Refusing to Sign: The Shades of Gray of Employment Arbitration Agreements
Arbitration agreements are useful tools for employers, but what can employers do if an employee refuses to sign the agreement? While some states permit employers to terminate employees for refusing to sign an arbitration agreement, New Jersey law is uncertain.
In a recent case, Cator v. WRDC Corp., the court considered whether an employee can be terminated for refusing to sign an arbitration agreement. The employer adopted a policy requiring both new and current employees to sign an arbitration agreement that mandated that all claims brought against the employer be brought in front of an arbitrator. The plaintiff refused to sign the agreement and was suspended from work as a result. The plaintiff filed a complaint against her employer, alleging violations of the New Jersey Law Against Discrimination (LAD). She specifically argued that the LAD gives her the right to file a discrimination claim in court and the agreement constituted a waiver of that statutory-protected right. She further argued that her employer prohibiting her from returning to work after her refusal to sign the agreement constituted unlawful retaliation under the LAD. The court agreed with the plaintiff, holding that the employer violated her right to a jury trial and retaliated against her when she refused to waive this right.

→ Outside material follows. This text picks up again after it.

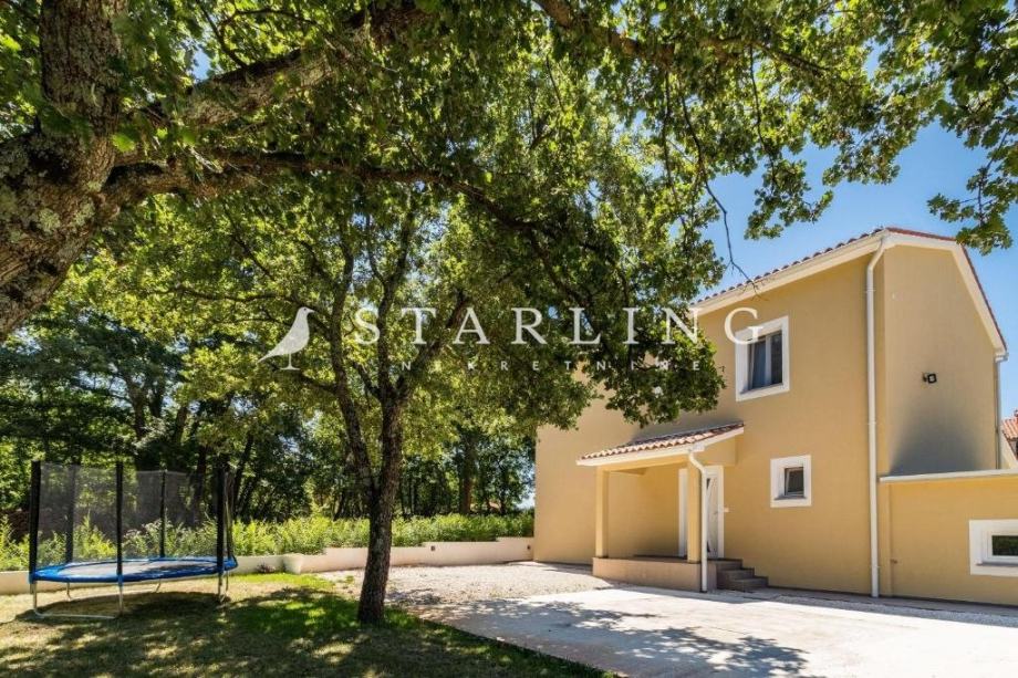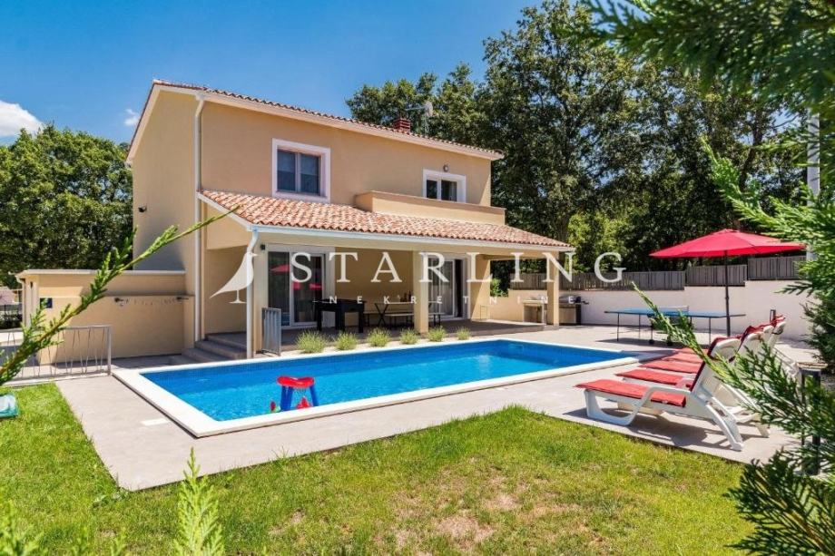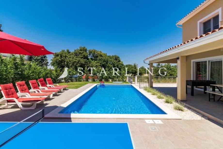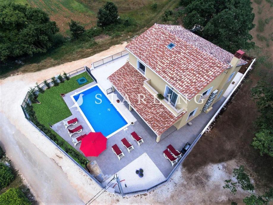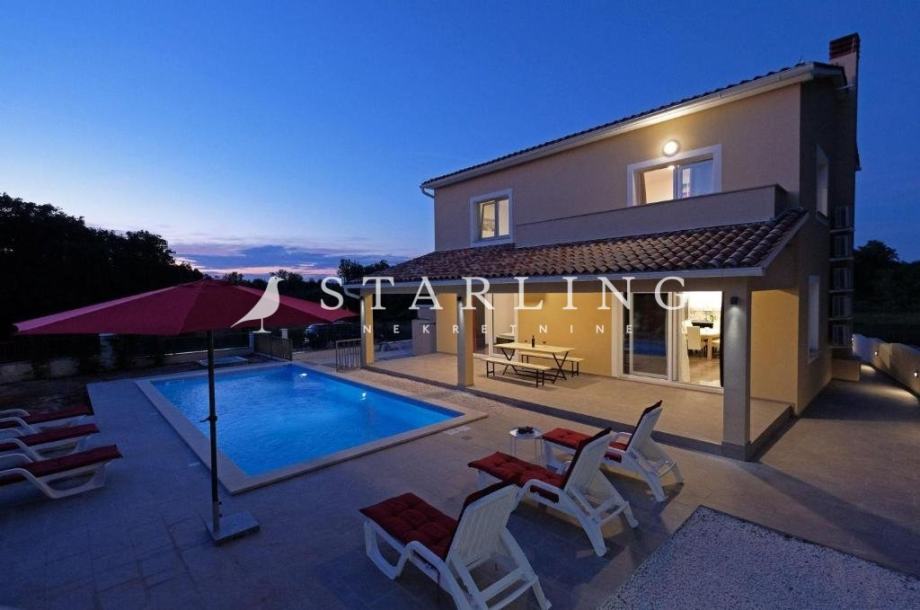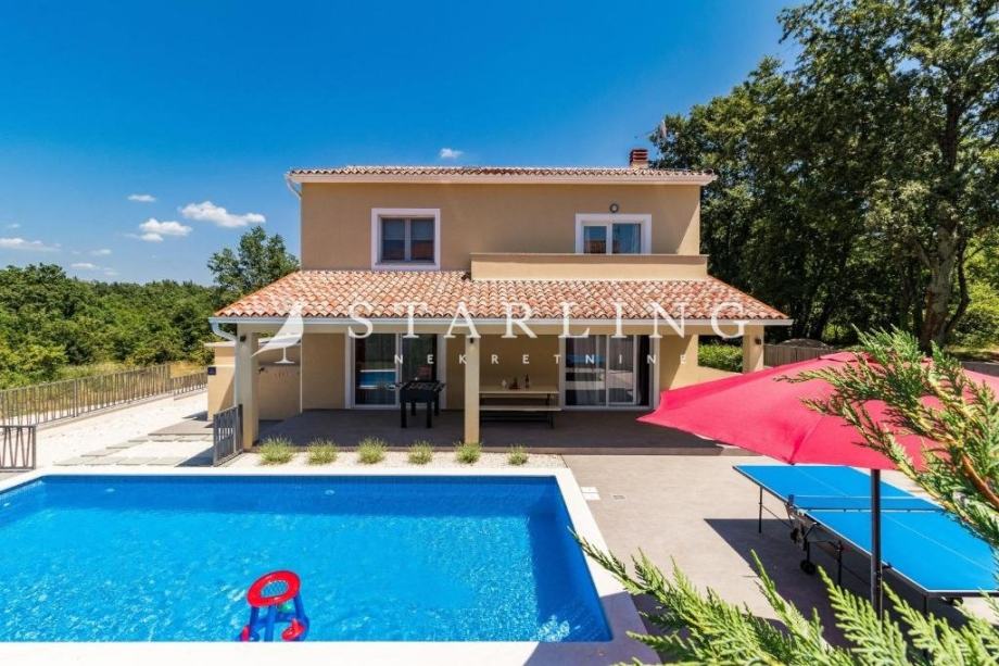 Moderna vila s bazenom smještena na mirnoj lokaciji, na samom kraju malog naselja okružena predivnom netaknutom prirodom, daje vam osjećaj posebnog ugođaja i potpune privatnosti. S druge strane, na samo nekoliko minuta vožnje nalazi se trgovina, kafić, restoran, škola i pošta.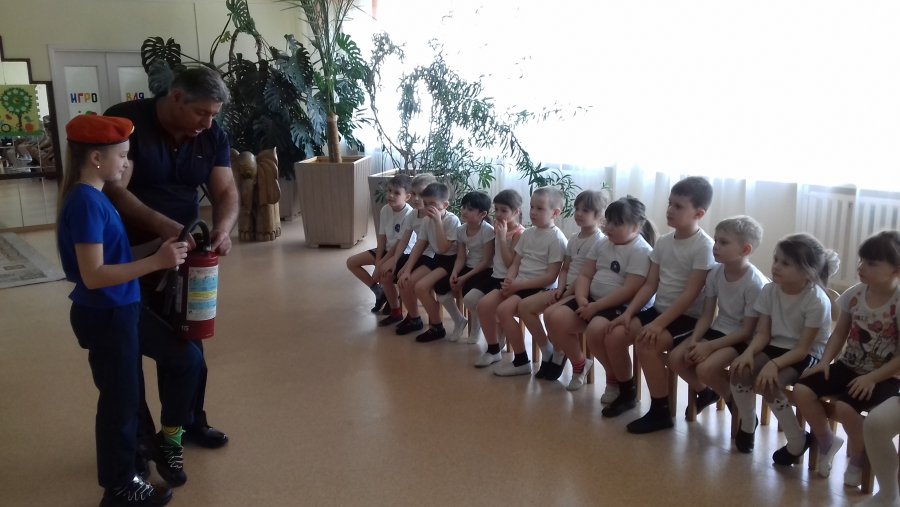 Кандидаты в волонтёры 5а класса «Юный пожарный спасатель»провели в детском саду № 113 занятие с двумя группами детей по пожарной безопасности. Воспитанникам детского сала показали, как пользоваться огнетушителем, как действует пожарный расчёт, как надо вести себя при эвакуации из здания детского сада при пожаре. Ребята заинтересованно участвовали в занятии, задавали много вопросов. Понравилось такое занятие всем: и ребятам и юным пожарным спасателям!

Cator is an unpublished law division case, which means its precedential value is very limited. As a result, another court hearing the same issue is not required to follow the Cator court’s reasoning. Nevertheless, Cator serves as a cautionary tale for employers, demonstrating that employers should exercise care when asking current employees to sign arbitration agreements.
Takeaway: Employers should proceed with caution when requesting current employees to sign arbitration agreements.